Inside Akamai and the scary future of streaming video

Akamai CEO Paul Sagan

Update: When it comes to consumers watching YouTube (s goog) or even streaming TV through a Boxee, the assumption is that aside from some buffering or pauses while the streams catch up, the experience will be fine. But when we add live content and interactive elements to those video streams, it gets complicated. Thanks, to a paper detailing Akamai’s (s akam) content delivery network in minute detail, we can see exactly how complicated it is today, and what sort of havoc interactivity might wreak.

In an academic paper written by researchers at Akamai, Harvard and the University of Massachusetts, readers get an in-depth look at how Akamai’s distributed CDN works, how the web itself works, and what the shift from static to interactive content means for content providers and the network itself. Details such as Akamai’s 61,000 servers located across 70 countries and nearly 1,000 networks pale in comparison to the section on how streaming video is going to get much more challenging in the coming years.
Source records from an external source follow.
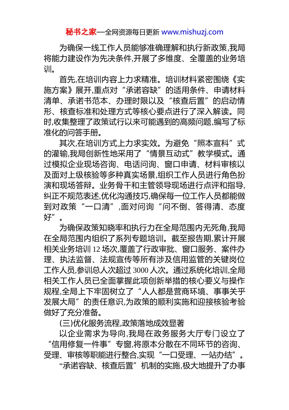 秘书之家—全网资源每日更新 www.mishuzj.comxx 市市场监督管理局 xx 分局 2025 年度信用修复创新工作情况报告为深入贯彻落实上级关于优化营商环境的决策部署,特别是根据市级营商环境建设主管部门于 2025 年 10 月 22 日召开的创新工作调度会议精神,我局积极承接并推动“信用修复承诺容缺、核查后置”创新举措的落地实施。自该项工作启动以来,全局上下统一思想、迅速行动,将此项工作作为深化“放管服”改革、激发市场主体活力的关键抓手,通过周密部署、精准施策与持续优化,取得了一系列阶段性成效。现将有关工作情况总结报告如下。一、基本情况与主要成效我局坚持以制度建设为基础、以能力提升为保障、以流程再造为核心、以宣传引导为辅助,系统性推进信用修复创新工作,确保政策红利直达市场主体,为区域经济高质量发展注入了强劲的“信用动能”。(一)强化组织领导,周密部署准备工作政策落地,组织先行。在接到市级创新项目推广任务后,我局*组高度重视,第一时间召开专题会议进行研究部署,成立了由主要领导任组长、分管领导任副组长、相关业务科室及基层所负责人为成员的信用修复创新工作领导小组。小组迅速制定了详尽的《“承诺容缺、即申即办”信用修复工作实施方案》,明确了该项创新举措的指导思想、适用范围、办理流程、职责分工和风险防控机制。方案对标市级核验要求,将任务逐条分解,责任到人、时限到天,形成了上下贯通、横向协同、高效联动的工作格局,为后续工作的顺利开展奠定了坚实的组织基础。(二)创新培训模式,提升队伍专业能力秘书之家—全网资源每日更新 www.mishuzj.com为确保一线工作人员能够准确理解和执行新政策,我局将能力建设作为先决条件,开展了多维度、全覆盖的业务培训。首先,在培训内容上力求精准。培训材料紧密围绕《实施方案》展开,重点对“承诺容缺”的适用条件、申请材料清单、承诺书范本、办理时限以及“核查后置”的启动情形、核查标准和处理方式等核心要点进行了深入解读。同时,收集整理了政策试行以来可能遇到的高频问题,编写了标准化的问答手册。其次,在培训方式上力求实效。为避免“照本宣科”式的灌输,我局创新性地采用了“情景互动式”教学模式。通过模拟企业现场咨询、电话问询、窗口申请、材料审核以及面对上级核验等多种真实场景,组织工作人员进行角色扮演和现场答辩。业务骨干和主管领导现场进行点评和指导,纠正不规范表述,优化沟通技巧,确保每一位工作人员都能做到对政策“一口清”,面对问询“问不倒、答得清、态度好”。为确保政策知晓率和执行力在全局范围内无死角,我局在全局范围内组织了系列专题培训。截至报告期,累计开展相关业务培训 12 场次,覆盖了行政审批、窗口服务、案件办理、执法监督、法规宣传等所有涉及信用监管的关键岗位工作人员,参训总人次超过 3000 人次。通过系统化培训,全局相关工作人员已全面掌握此项创新举措的核心要义与操作规程,全局上下牢固树立了“人人都是营商环境、事事关乎发展大局”的责任意识,为政策的顺利实施和迎接核验考验做好了充分准备。(三)优化服务流程,政策落地成效显著以企业需求为导向,我局在政务服务大厅专门设立了“信用修复一件事”专窗,将原本分散在不同环节的咨询、受理、审核等职能进行整合,实现“一口受理、一站办结”。“承诺容缺、核查后置”机制的实施,极大地提升了办事秘书之家—全网资源每日更新 www.mishuzj.com效率。对于因客观原因暂时无法提供某些非核心证明材料的企业,在签署信用承诺书后,窗口可先行受理并启动修复程序,待修复完成后在规定期限内补充材料并接受核查。这一改革打破了传统审批模式下“材料不齐不能办”的僵局。自 2025 年 xx 月 xx 日政策正式实施以来,截至 2025 年 11 月 5日,我局“信用修复一件事”专窗共受理相关业务咨询 1800余次,正式受理信用修复申请 152 件,成功为 138 家因轻微、偶发性失信行为而受到行政处罚的市场主体完成信用修复,修复成功率达到 90.8%。通过流程再造,企业信用修复的平均办理时限由原来的15 个工作日大幅缩短至 3 个工作日以内,部分简易案件可实现“即申即办”。申请材料在“承诺容缺”模式下,综...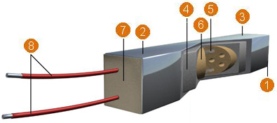 All are perfectly calibrated, both internally and externally, into which a high hardness ceramic piece is inserted, perfectly resisting continuous temperature variations and with the best possible thermal conductivity, being in contact with the tube wall which allows perfect heat dissipation. The heating wire is inside the ceramic piece. The excellent quality of the Nickel-Chrome heating wire inside the ceramic piece makes it the most suitable for cartridge heater construction, thanks to its high temperature tolerance.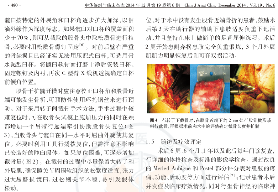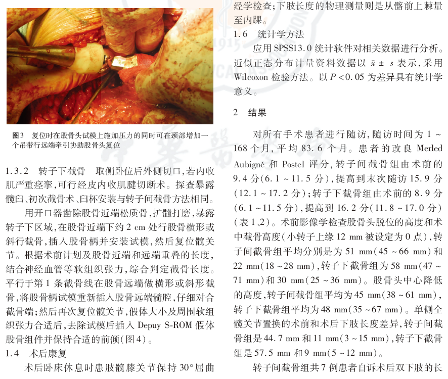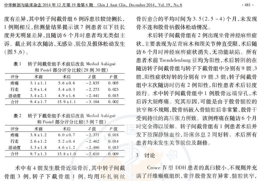 结果:平均随访时间为83.6个月,术后转子间截骨与转子下截骨患者下肢的平均长度差异分别是9.2 mm、9.4 mm,末次随访Merled Aubigné评分平均分别为15.9分、15.8分。转子间截骨组患者中有2例术后出现坐骨神经麻痹,但是6个月内症状完全缓解。末次随访中转子间截骨组有2例Trendelenburg征阳性。在随访期内均无假体翻修的患者。各组手术前后Merled Aubigné和Postel部分评分差异均有统计学意义(P值均<0.05),两组间统计学差异均无统计学意义 (P>0.05)。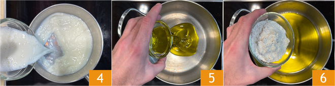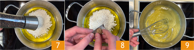 Maak ondertussen de bechamelsaus zonder boter: giet de havermelk in een steelpan 4 en breng deze tot net tegen het kookpunt. Doe in een andere steelpan de olie 5 en de bloem 6.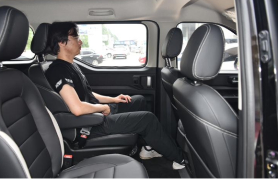 在車內(nèi)座椅空間布局上五菱征程表現(xiàn)總體十分寬裕。在后排頭部空間足足有兩拳多,舒適性有保障。腿部空間也游刃有余,在兩拳有余的狀態(tài),乘坐舒適輕松。二三排的走廊寬度約為200毫米,進出也十分方便。
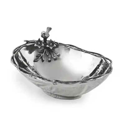 ชามเสิร์ฟอาหารสแตนเลสทรงกลมทำจากโลหะชามตอกรูปใบไม้ดีไซน์พรีเมี่ยมชามใส่ช็อคโกแลตผลไม้
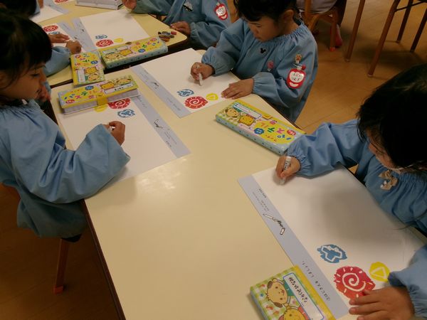 水彩あそびでははじき絵を楽しみました!白いクレパスで描いた絵が絵具を塗ると浮き出てくる様子に「すごーい!」とワクワクしていました!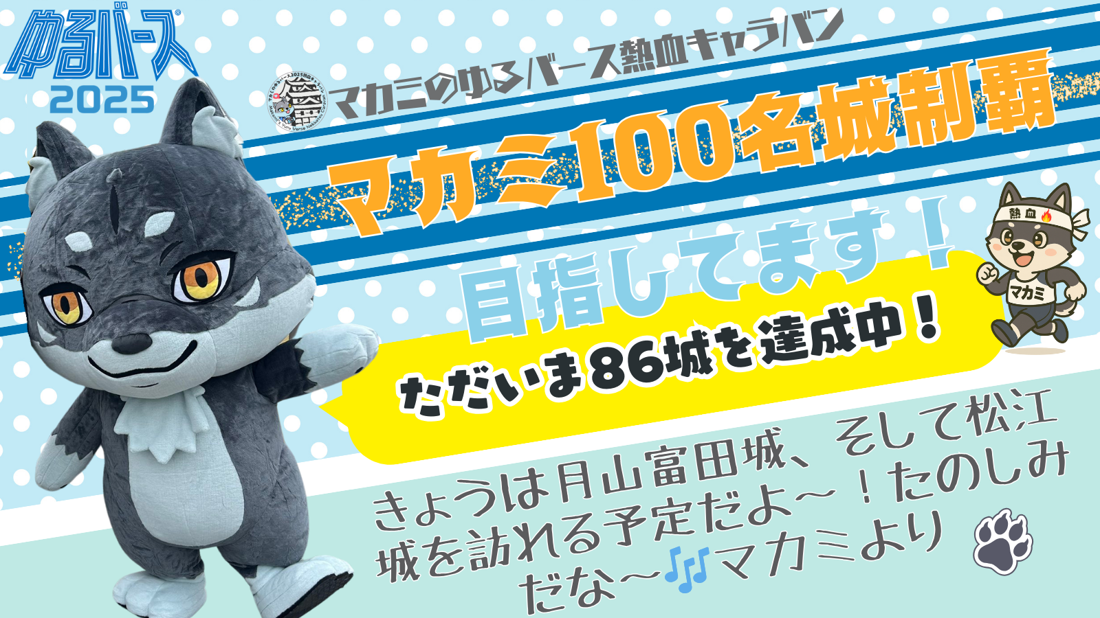 マカミのゆるバース熱血キャラバン🔥ただいま86城を達成中🏯✨まだまだいくよ~🐺🎶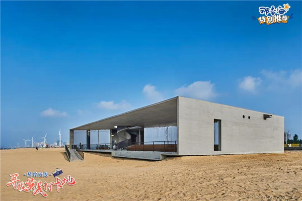 在沙滩上,伫立着两座风格鲜明、极具现代艺术气息的建筑,神秘又诗意,取名“守望者”,寓意大海的守望者,沙滩西侧的是“守望者一号”,东侧则是“守望者二号”,二者遥遥相望,共护大海。

Updated: Akamai emailed to say this paper was published last year and since then it now has more than 90,000 servers in more than 1,800 locations in 1,000 networks in more than 70 countries.

The paper offers up a timeline of big web streaming events, beginning with Steve Jobs’ MacWorld keynote in 2001 that drew 35,500 viewers and required 5.3 gigabytes Gbps of capacity. President Obama’s inauguration in 2009 drew 7 million simultaneous streams and required nearly 2 terabytes Tbps of capacity. Akamai noted it hit a peak record in 2010 of delivering 3.45 Tbps of data. But those numbers don’t keep Akamai engineers up at night. The future does. From the paper:

In the near term (two to five years), it is reasonable to expect that throughput requirements for some single video events will reach roughly 50 to 100 Tbps (the equivalent of distributing a TV quality stream to a large prime time audience). This is an order of magnitude larger than the biggest online events today. The functionality of video events has also been increasing to include such features as DVR-like-functionality (where some clients may pause or rewind), interactivity, advertisement insertion, and mobile device support.

At this scale, it is no longer sufficient to simply have enough server and egress bandwidth resources. One must consider the throughput of the entire path from encoders to servers to end users. The bottleneck is no longer likely to be at just the origin data center. It could be at a peering point, or a network‘s backhaul capacity, or an ISP‘s upstream connectivity—or it could be due to the network latency between server and end user, as discussed earlier in Section 3. At video scale, a data center‘s nominal egress capacity has very little to do with its real throughput to end users.

The paper goes on to say that because even an awesome data center can only provider a few hundred gigabytes per second of throughput to end users, it’s almost impossible to create a service with the scale to deliver the hundreds of terabytes needed to support video. And while the paper reads like a highly technical advertisement for Akamai (and why the way it has built out its CDN is superior to other CDNs,) it’s also a pretty detailed look into the complexity of the web.

I know many of us take it for granted that the animated GIFs that once slowed down our GeoCities page load times are now so commonplace we drop them into comment threads, but that’s the beauty of driving ever-faster broadband speeds. Sometimes it’s nice to look behind the curtain and see how our infrastructure is keeping up with the increasingly complicated elements we’re throwing at it.

Hat tip to High Scalability, which featured the paper.